Морской крепко обнял Женьку, моргая с удвоенной скоростью, чтобы не показать никому навернувшиеся вдруг на глаза слезы. Этого ребенка он знал с рождения, ну а с этим взрослым парнем надлежало еще познакомиться. В два голоса Морской и Женька несли какую-то нелепую стандартную ахинею, но слова сейчас были не главное.
– Как живешь-то? Учишься? Отцу пишешь? Матери помогаешь?
– Она сама кому хочешь поможет, что, вы ее не знаете, что ли!.. Вы лучше про Ларису расскажите. Что говорят врачи? Когда мы к ней пойдем?

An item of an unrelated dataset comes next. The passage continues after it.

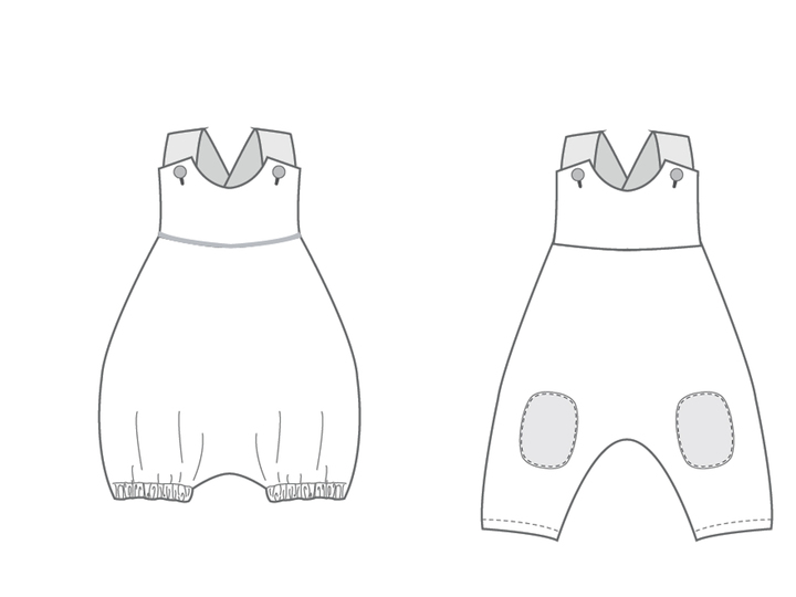 ✔ Zwei-in-eins Schnittmuster-Bundle: Sommer-Strampler und lange Latzhose mit niedlichen Kniepatches

– Пойдем завтра, но эти два вопроса совершенно один с другим не связаны!..
Двойра сложила руки на груди, не скрывая умиления. Потом пошла ставить чайник, пробормотав, что давно Женьку таким довольным не видела, и по такому случаю, наверное, в доме найдется не только сахар, но и варенье. Велела Женьке подготовить его самодельную керосинку на случай, если им придется засидеться затемно. Он кинулся выполнять поручение, утаскивая Морского за собой, и не без гордости сообщил, что вот этот кружок под бутылкой делается из консервной банки, а фитиль можно и из любой рванины смастерить. А в нижнюю банку можно керосина совсем чуть-чуть лить – буквально на донышке.
И тут в комнату вошел кот. Большой, мраморно-серый, по всему видно, что старый. Он посмотрел на происходящее с едва сдерживаемой иронией.